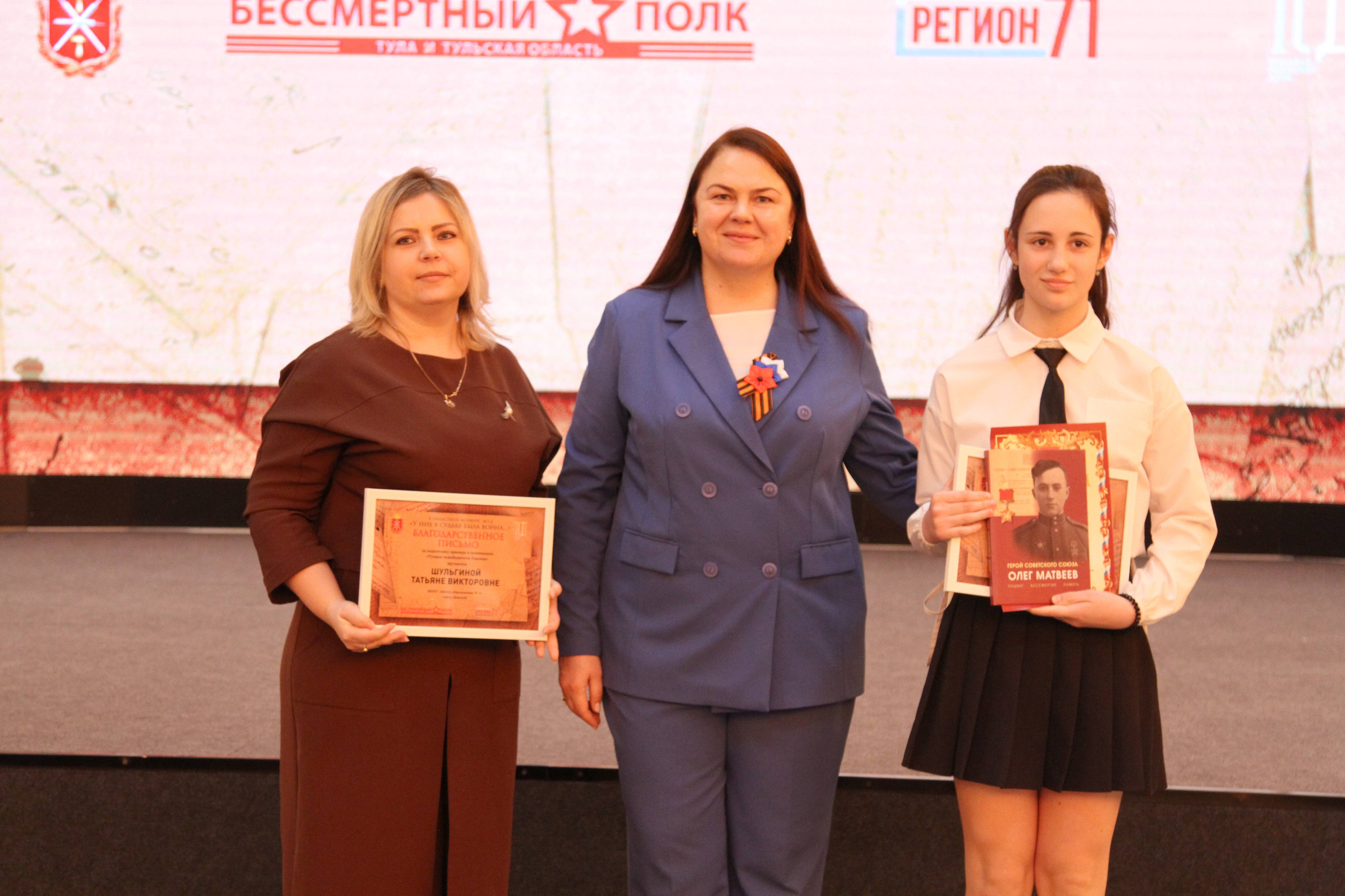 Памятные подарки победителям и призерам вручали инициатор Конкурса, региональный координатор гражданской инициативы «Бессмертный полк», депутат Тульской областной Думы 8-го созыва Елена Гребнева, заместитель министра образования Тульской области Сергей Минаев, заместитель начальника Московской железной дороги, Председатель регионального отделения Российского военно-исторического общества в Тульской области, председатель комиссии по делам молодежи, развитию добровольчества и патриотическому воспитанию Общественной палаты Тульской области Александр Потапенко, и.о. Директора ИА «Регион 71» Лада Варфоломеева.
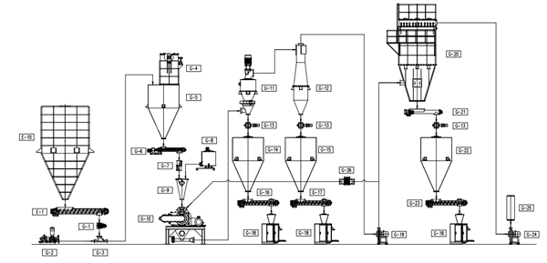 其工作原理是:将经过温控加药系统精确计量过的表面改性剂通过特制的雾化喷嘴被送至雾化室,让表面改性剂与干燥的粉体物料在雾化室进行混合。若使用固体状改性剂,改性剂会先在温控加药系统内被加热融化至液态。表面改性剂与被改性的粉体物料先进入雾化室进行混合,接着自动连续地进入钉盘内,受到盘内不同方向的气流冲击,高速旋转的转子让特殊设计的钉盘内形成涡旋二相流,让物料和改性剂被充分打散。依靠转子高速旋转与粉体物料的冲击、剪切和摩擦作用所产生的热量,粉体和改性剂在盘内迅速升温,达到改性需要的温度,也因此让两者得以充分接触、混合,改性剂能迅速、均匀地与粉体颗粒表面作用,包覆于颗粒表面,完成对粉体的表面包覆改性。接着然后改性后的粉体成品进入后端的气流分级机系统进行分选,合格的细粉将会被选到旁边的旋风集粉器进行冷却和收集。
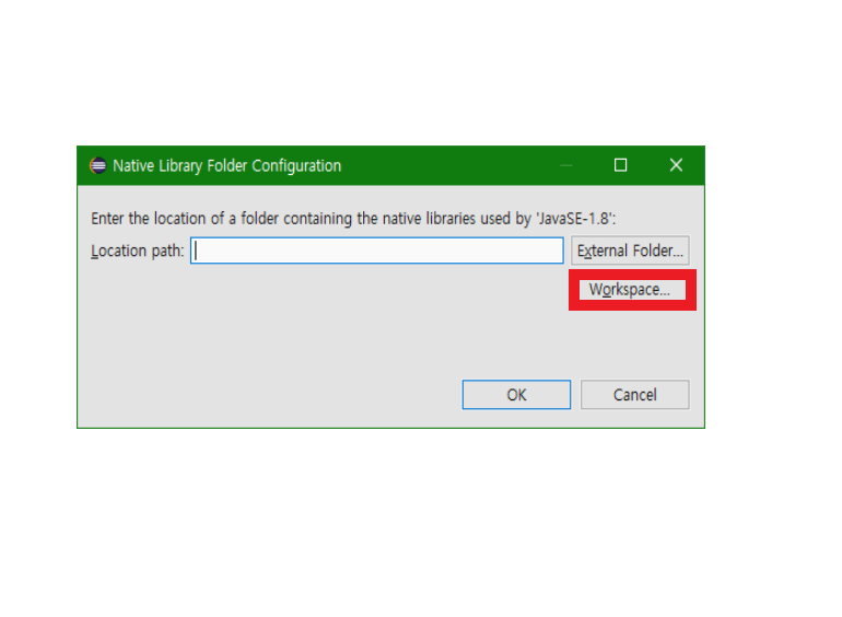마찬가지로, Java Build Path > Native library location이 현재는 None인 상태입니다.
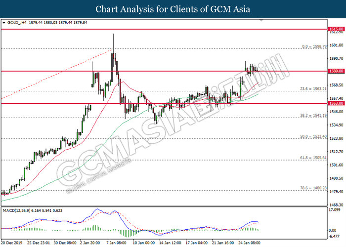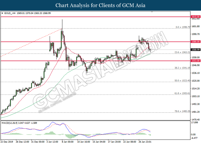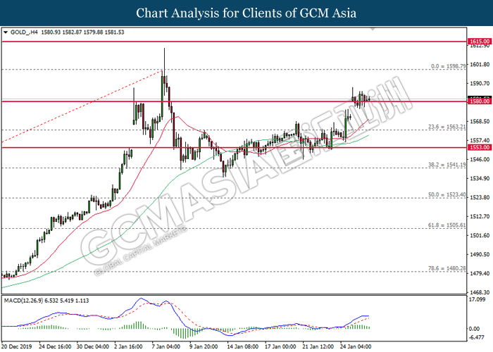 GOLD_, H4: Gold price was traded lower while currently testing at the support near 1580.00. MACD which illustrate bearish signal suggests its price to extend its losses after closing below the support level.
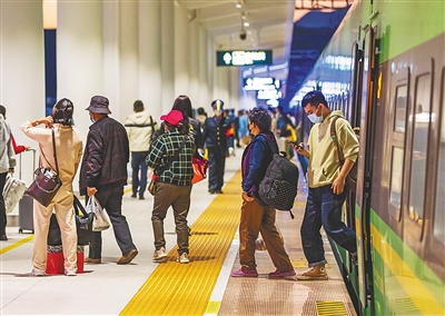 图为旅客乘坐动车组列车抵达云南勐腊站。
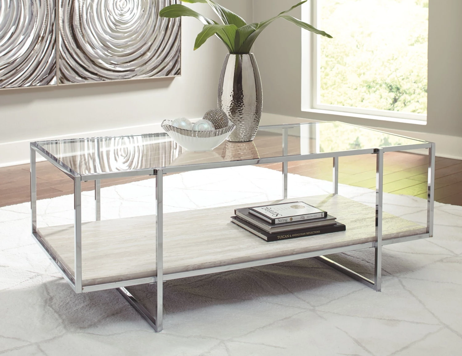 Contemporary style gets a modern attitude in this cocktail table. A tempered glass top showcases the replicated travertine stone shelf. The box design of the metal frame creates open space to offer the illusion of more room.
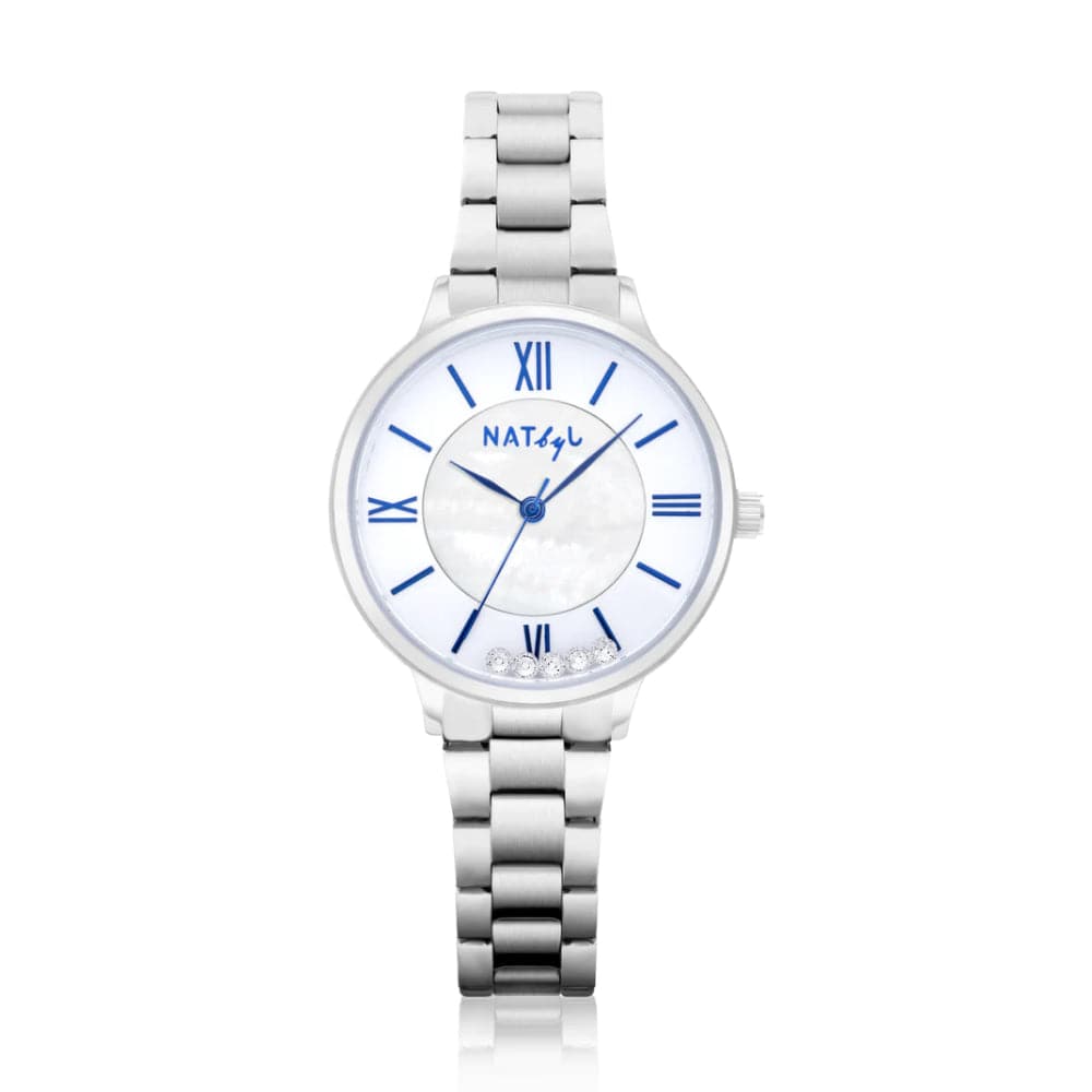 Inspired by the shining stars that navigate us through the midnight skies, our NATbyJ Stargaze Collection represents the people who support you through dark times and inspire you. The timepiece features sparkling crystals that dance freely around the white dial, paired with a stainless steel link bracelet and case. The design elements represent the stars that glide freely around the night sky, and a lustrous Mother of Pearl dial represents the captivating moon.

━━━━━━━━━━

Problem details: Copy exactly the part of the material above that opens with the line containing "GOLD_, H4: Gold" and closes with the line containing "图为旅客乘坐动车组列车抵达云南勐腊站。", ends included. Drop the images.

Your solution:
 GOLD_, H4: Gold price was traded lower while currently testing at the support near 1580.00. MACD which illustrate bearish signal suggests its price to extend its losses after closing below the support level.
 图为旅客乘坐动车组列车抵达云南勐腊站。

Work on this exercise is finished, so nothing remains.